What you are asked to do →
Using the records below, write out only the lines from the line containing "1、将鸡蛋、水、盐搅匀,上蒸锅蒸熟,制成蛋羹;" up to and including the line containing "정부는 지난해 11월", exactly, with no pictures.

Content starts

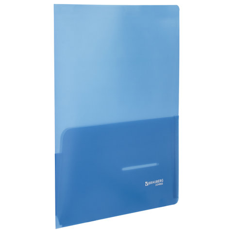 Папка-уголок с 2 карманами BRAUBERG, синяя, 0,18 мм, 224883
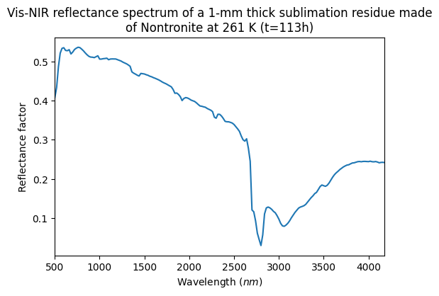 - Schroeder, Stefan; Poch, Olivier; Ferrari, Marco; DeAngelis, Simone (2019): Vis-NIR reflectance spectra of Nontronite NAu-1, pure, mixed with Water ice, during and after ice sublimation. SSHADE/CSS (OSUG Data Center). Dataset/Spectral Data. https://doi.org/10.26302/SSHADE/EXPERIMENT_OP_20200701_001
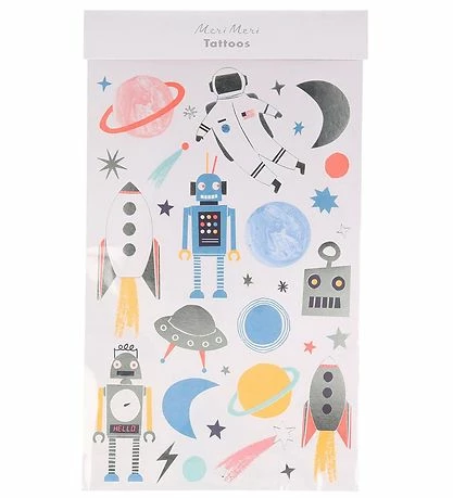 Flotte Meri Meri tatoveringer med motiver i et robot- og rum-tema.
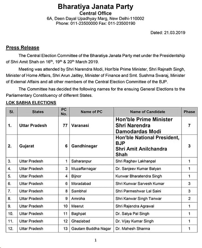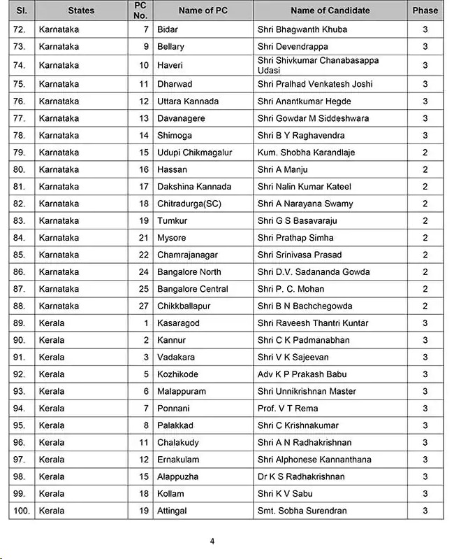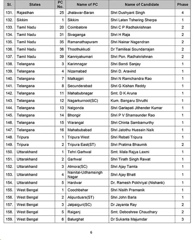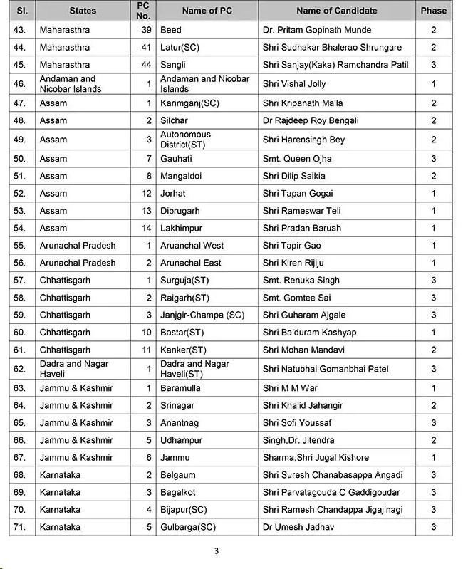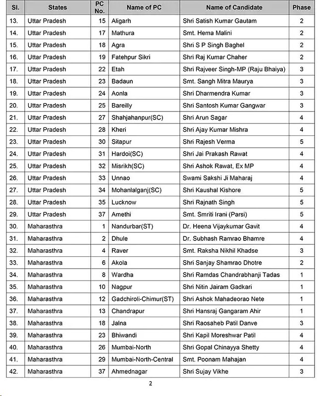 लोकसभा उम्मीदवारों Lok Sabha candidates की सूची में उत्तर प्रदेश के 28, महाराष्ट्र के 16, असम के 8, अरुणाचल प्रदेश के दो, छत्तीसगढ़ के छह, अंडमान निकोबार द्वीप समूह सेे एक,,दादर नगर हवेली के एक., जम्मू कश्मीर के पांच, कर्नाटक के 21, केरल के 13, लक्षद्वीप के एक, मणिपुर के एक, मिजोरम के दो,ओडिशा के दस, राजस्थान के 16, सिक्किम के एक, तमिलनाडु के पांच, तेलंगाना के दस, त्रिपुरा के दो, उत्तराखंड के पांच, आंध्र प्रदेश के 2 और पश्चिम बंगाल के 28 उम्मीदवारों के नाम हैं।
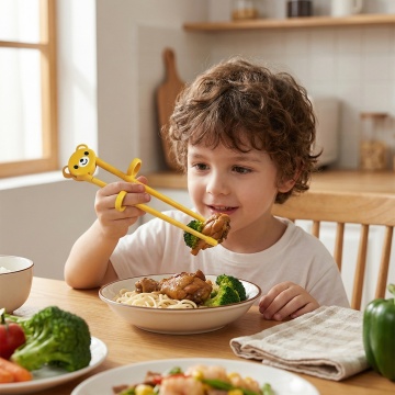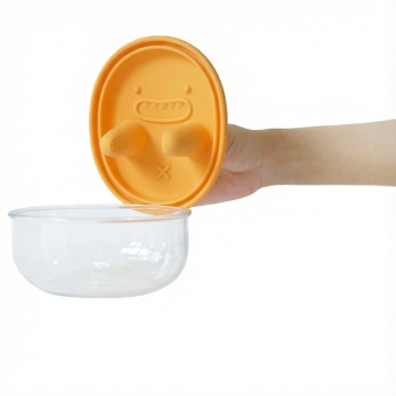 我的产品儿童硅胶餐勺,请帮我设计一个场景,一个白人宝宝坐在餐椅中,餐椅板上放着一碗辅食,宝宝手里握着产品。背景为欧美室内,保持产品细节不变
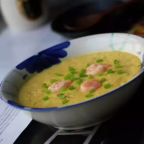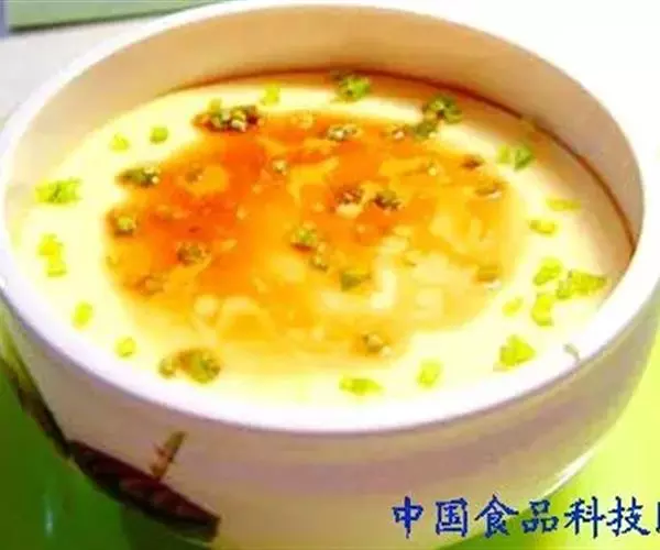 1、将鸡蛋、水、盐搅匀,上蒸锅蒸熟,制成蛋羹;
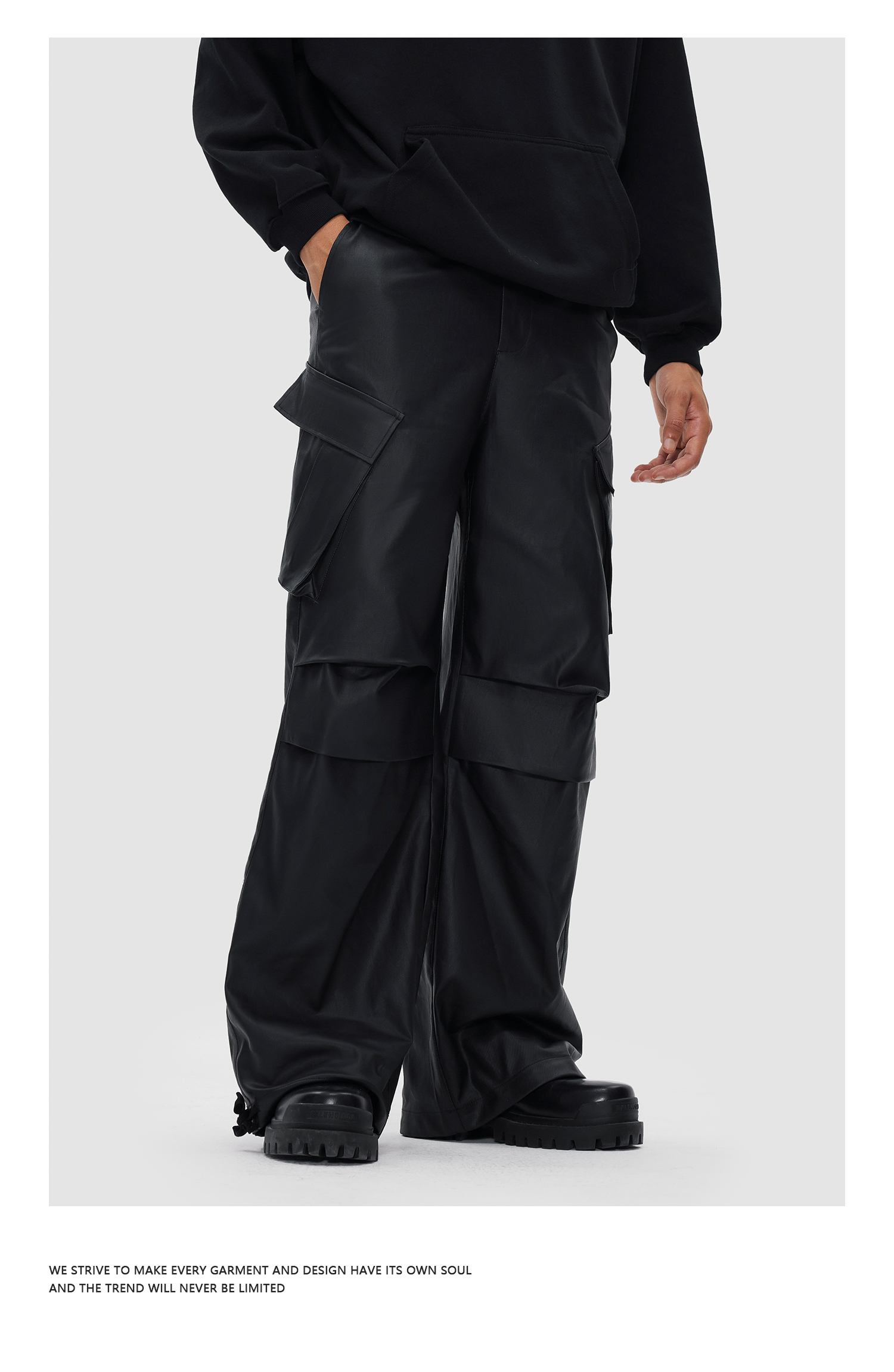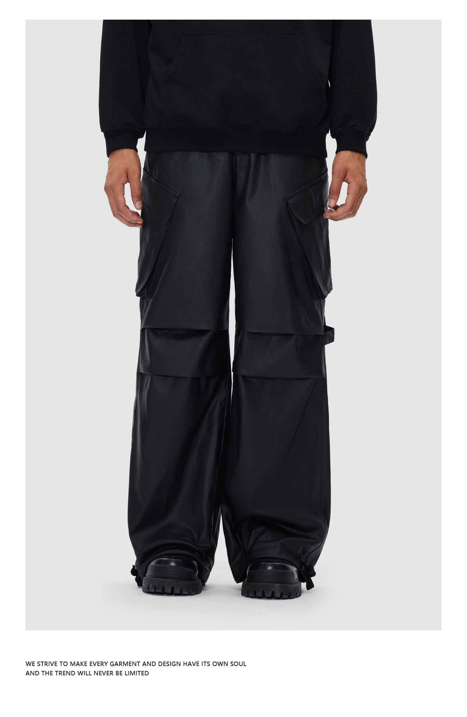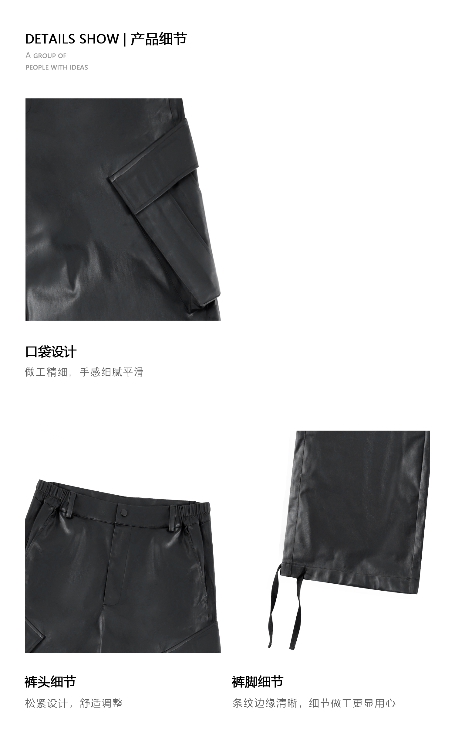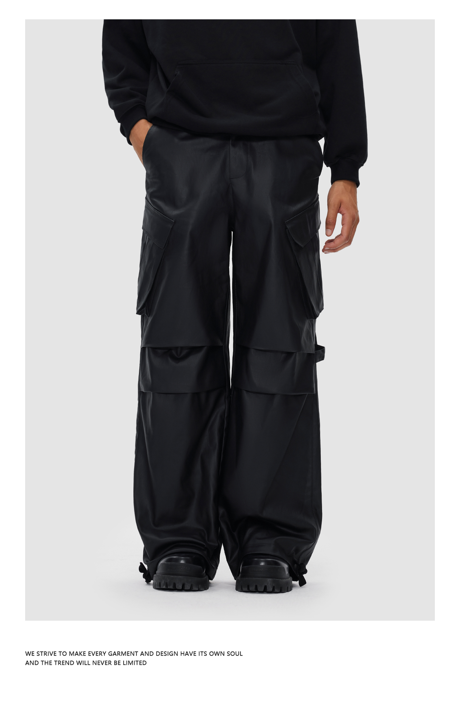 FDR 原创国潮贴袋褶皱工装休闲裤男女宽松情侣直筒裤运动长裤皮裤
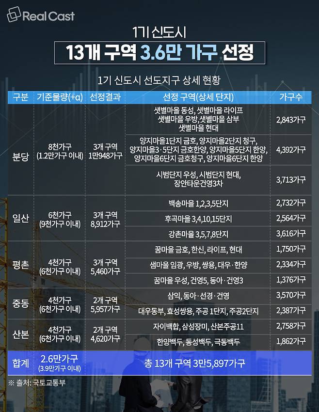 정부는 지난해 11월 1기 신도시 선도지구 13개 구역 3.6만 가구를 선정, 발표했습니다.
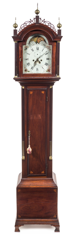 the domed hood having three spherical brass finials and a fretwork cornice above the painted moonphase dial with Roman numeral hours and Arabic numeral minutes signed Warranted by/ Aaron Willard, flanked by Doric fluted columnar supports, the straight trunk fitted with a door inlaid to show shells at the corners and flanked by fluted columnar supports, raised on ogee bracket feet, the dial stamped WILSON BIRMm. to the reverse, with an eight-day time and strike movement.
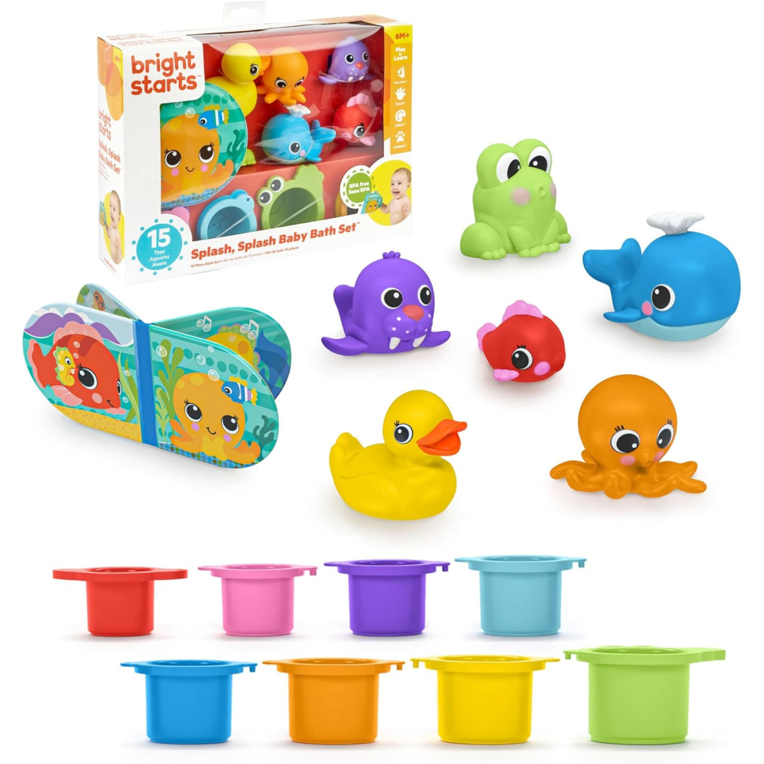 Bath time just got a whole lot more exciting with the Bright Starts Splash Splash Baby Bath Toy Set. This brilliant 15-piece collection brings together everything you need to transform splashing around into proper playtime fun, without breaking the bank. You get the classic rubber ducky (because every bath needs one), five adorable splash friends including a frog, fish, walrus, whale, and octopus, a waterproof book for story time in the tub, plus eight rainbow stacking cups that'll keep little hands busy.
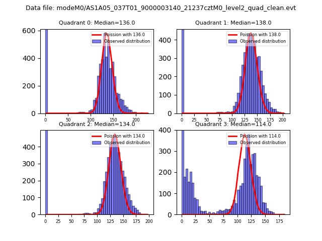Red curve is a Poisson curve with rate = median count rate of data. |
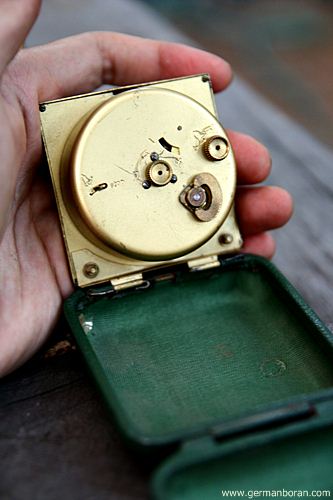 รหัส: B5_86_5 ข้อมูล: นาฬิกาปลุกตลับแป้ง(Travel Alarm Clock) เยอรมันโบราณ แบบไขลาน ยี่ห้อ Diehl
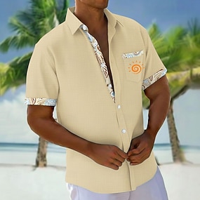 Herren Paisley-Muster Blumendruck Sonnentotem Hemd Hawaiihemden Alohahemd Kurzarm Hawaiianisch Urlaub Ferien Sommer Umlegekragen 3D-Druck Eine Tasche vorne Leinenähnliches Hemd Blau Weiß Rosa Khaki
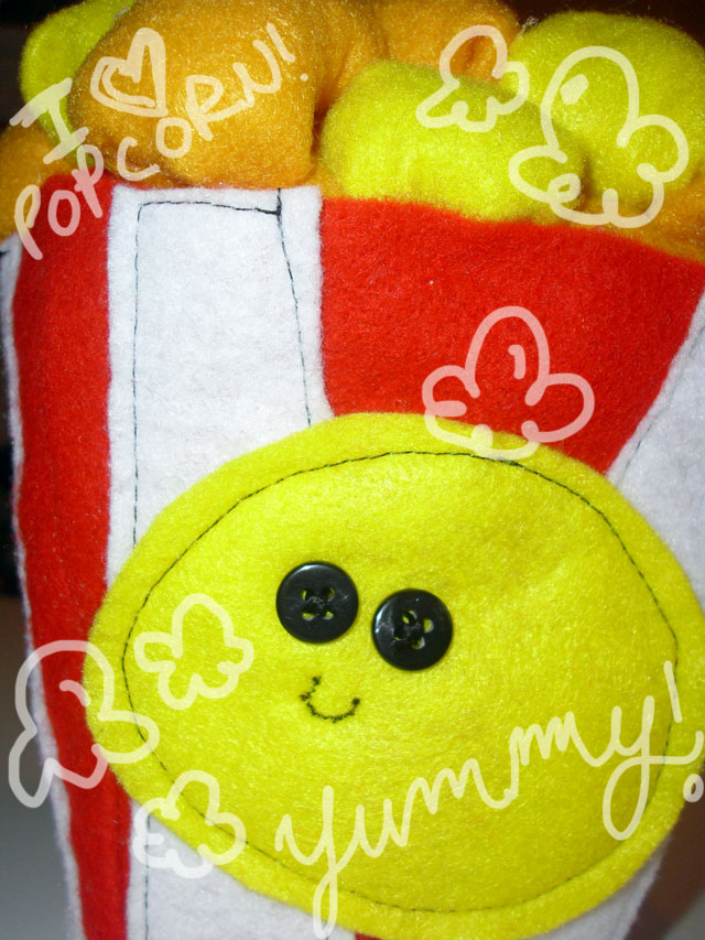 Anyway, In honor of popcorn day, I made this little pop corn softie/plushie! Isn't he the cutest?
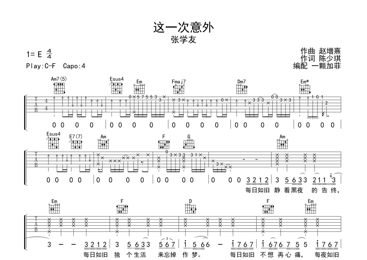 曲谱介绍: 张学友《这一次意外》吉他弹唱谱,采用C调指法编配,一颗加菲编配出品,共有2张高清图谱,免翻页排版设计。

Content ends

Exercise response →
 1、将鸡蛋、水、盐搅匀,上蒸锅蒸熟,制成蛋羹;
 FDR 原创国潮贴袋褶皱工装休闲裤男女宽松情侣直筒裤运动长裤皮裤
 정부는 지난해 11월 1기 신도시 선도지구 13개 구역 3.6만 가구를 선정, 발표했습니다.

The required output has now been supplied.